Kai’s volume of work is daunting.  She didn’t stop with children’s books, but kept moving up the years to young adult.  Follow along with me as I get to know Kai better.

Q:  Tell us a little about yourself.

A:  Thanks for having me, Kathleen. First and foremost, I’m a wife and the mother of four. I’ve been telling stories my entire life, but I’ve been a published author for just over four years. I write middle grade and young adult and just had my tenth title published. Publication day is still as thrilling as the first time around! Personally, I’m addicted to pizza and—thank goodness—I’m a compulsive walker (allows me to load up on the pizza). Handling raw meat and running into a scorpion gives me the willies. I’m a Mozart fangirl and have been caught wandering the aisles in the grocery store singing his Requiem. In Latin. Aloud.

Q:  When did you start writing and why?

A:  It was between the release of books 4 & 5 in the Harry Potter series. My daughter and I had plowed through the first four books during the summer. When the kids went back to school, I was left alone with my Hogwarts withdrawals. It was then I decided to entertain myself by creating a world of my very own. That book, though not my first published book, later became Beware of the White.

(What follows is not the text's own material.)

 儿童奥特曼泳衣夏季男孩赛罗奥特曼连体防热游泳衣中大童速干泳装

Q:  Where’s your favorite place to write?

A:  It varies depending on the kind of atmosphere I need. I mostly write at home in the quiet while my children are at school, but sometimes I need noise or activity around me so I go to a coffee shop or the library. Then other times I just need to be out of the house, so I’ll go to a park and write next to the river or staring at the Cascade Mountains.

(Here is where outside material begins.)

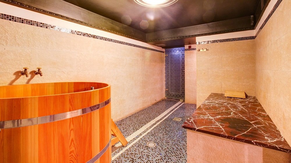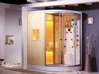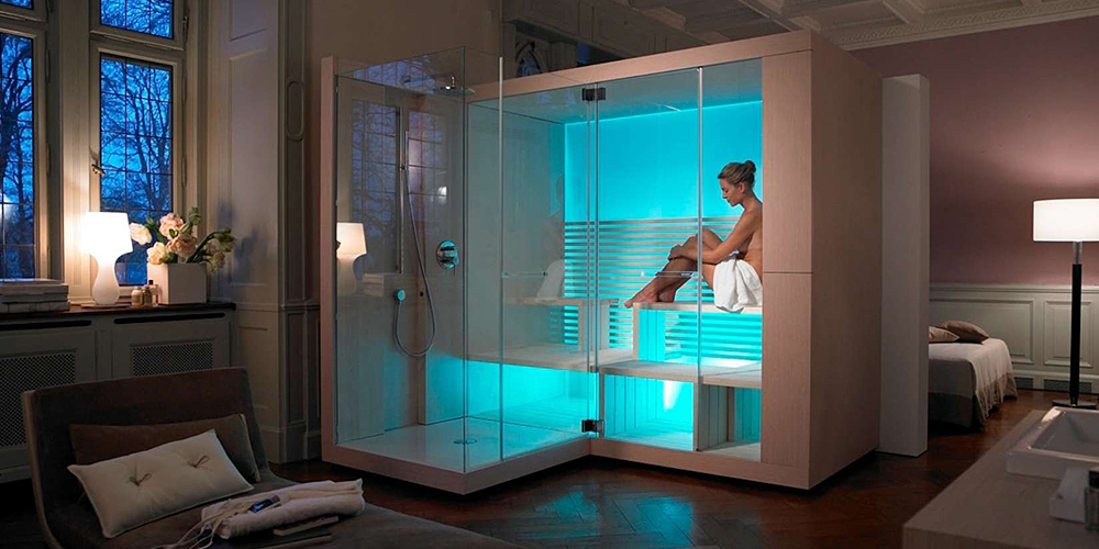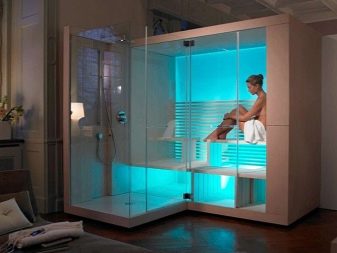 Un hammam dans un sauna prend très peu de place, puisqu'un four électrique est chauffé pour maintenir la sécheresse de l'air et qu'il y a suffisamment de sièges, car ils ne sont pas cuits à la vapeur avec des balais. Pour se rafraîchir et se baigner, utiliser une douche ou une piscine. En tant que tel, le local technique du sauna occupe une pièce très limitée et peut donc être logé dans une cabine en verre spéciale située dans la salle de bain d'un appartement de ville.

Q:  When I read The Weaver I felt a definite classic fairy tale quality to your work. What made you decide to write in this style?

A:  I’m so glad you did. Not all of my books have that feel, but all The Weaver Tales do. The Weaver came about when I was poking around my head for a writing idea. I was staring at the website for my critique group and thought to myself, I’m so glad we don’t all live in the same town. I’d feel completely inferior if I lived with all these talented storytellers. Oh, my – there’s an idea for a book. Since I’d decided to set the story in a village of storytellers, it felt natural to add the old world, fairy tale feel.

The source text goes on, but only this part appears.